__Instructions to follow__
Report every line from the following entries that contains the string "they".

__Records from a collection__
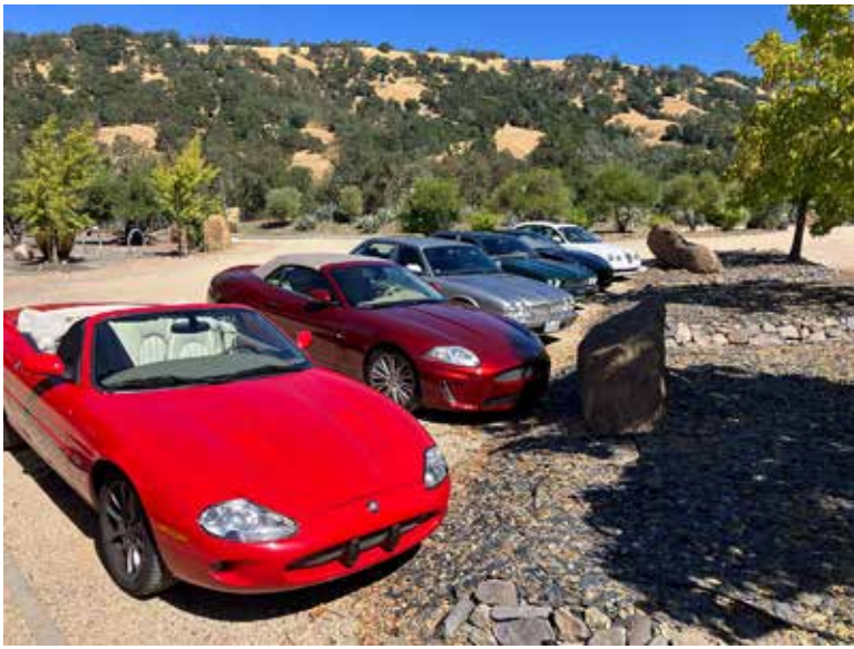
Lookin grrrrreat!
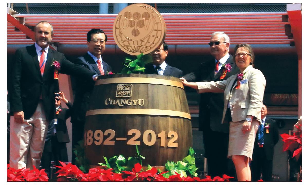
Government officials and international guests attend the opening ceremony.

"Although the wine market in china is fast growing, it still needs time for Chinese to understand wine culture. I hope they can learn to enjoy diverse wines with different food and drink some wine everyday," he said.
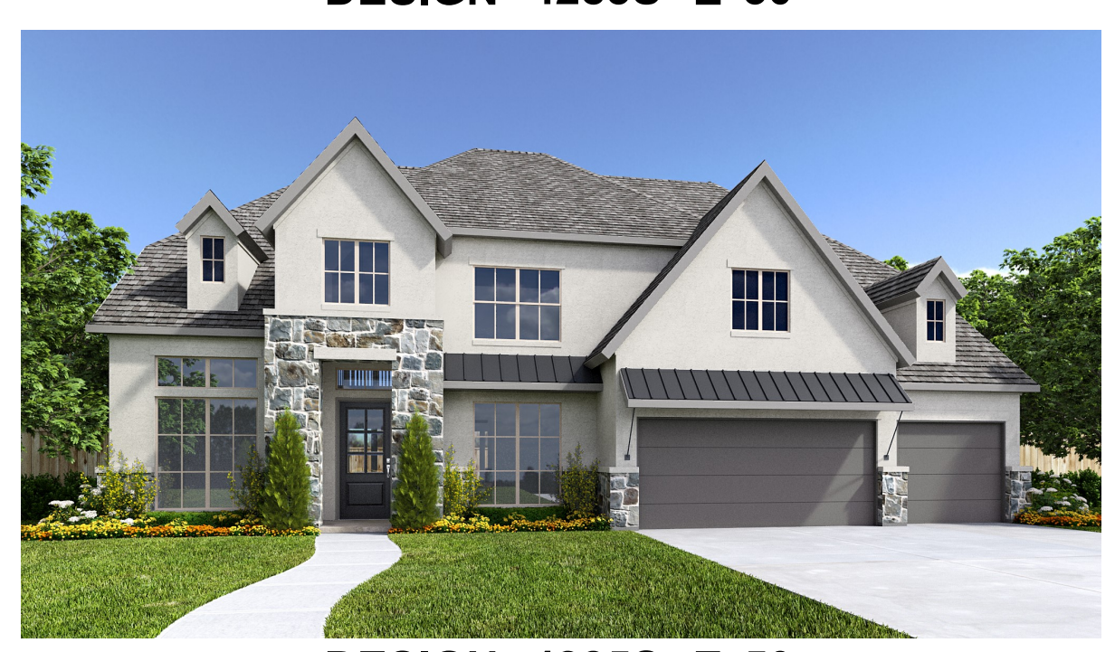
DESIGN 4285S E-50

This design, as originally designed and prior to any changes you make, is estimated to yield approximately the number of square feet shown on page 1. All dimensions are approximate. Square footage may vary based on as-built dimensions, configurations, plan options and/or the method of calculation. Designs are not-to-scale, and are conceptual illustrations that may differ from construction plans or completed improvements. A design may depict features not available on all homesites or in all communities. Perry Homes reserves the right to make changes in plans and specifications, and to substitute material of similar quality. Prices, terms, promotions, plans, dimensions, features, options, amenities, elevations, designs, square footages, specifications, materials, and availability of homes or communities to change without notice or obligation. All obligations will be governed by a written contract. This design does not constitute a commitment to build a particular floor plan or home in any given community. Some floor plans, options, and/or elevations may not be available on certain homesites or in a particular community and may require additional charges. Please check with Perry Homes to verify current offerings in the communities and are considering. This rendering is the property of Perry Homes. LLC. Any reproduction or exhibition is strictly prohibited @ Perry Homes LLC. 2019
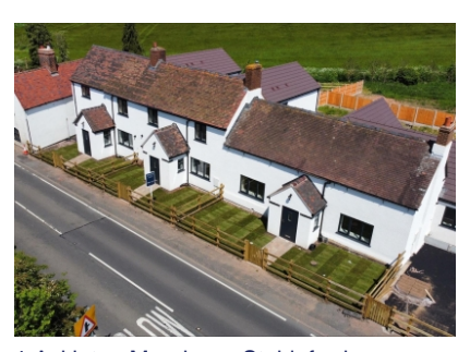
1 Ackleton Meadows, Stableford, Bridgnorth
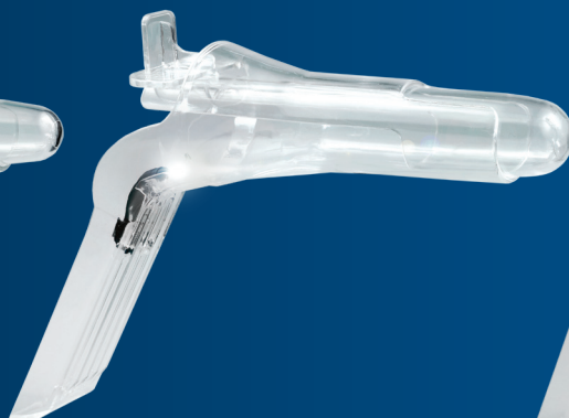
96 mm x 23 mm Slotted
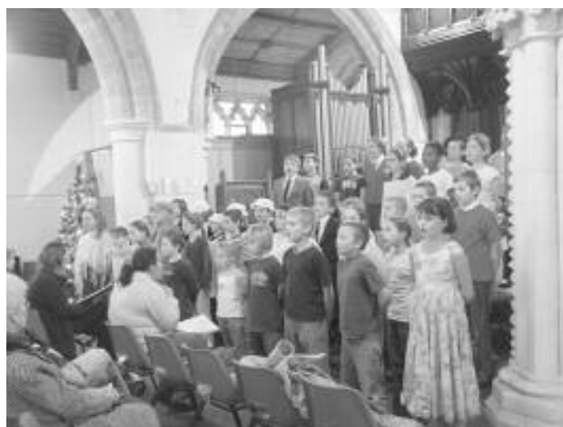
Huttoft Primary School performing 5 Gold Rings at Mumby

This year, they intend to bring their Summer Concert on Monday 18 th July and the Christmas Play on Friday, 16 th December, both at 10.30am. Make notes on your new calendars!

__Output__
"Although the wine market in china is fast growing, it still needs time for Chinese to understand wine culture. I hope they can learn to enjoy diverse wines with different food and drink some wine everyday," he said.
This year, they intend to bring their Summer Concert on Monday 18 th July and the Christmas Play on Friday, 16 th December, both at 10.30am. Make notes on your new calendars!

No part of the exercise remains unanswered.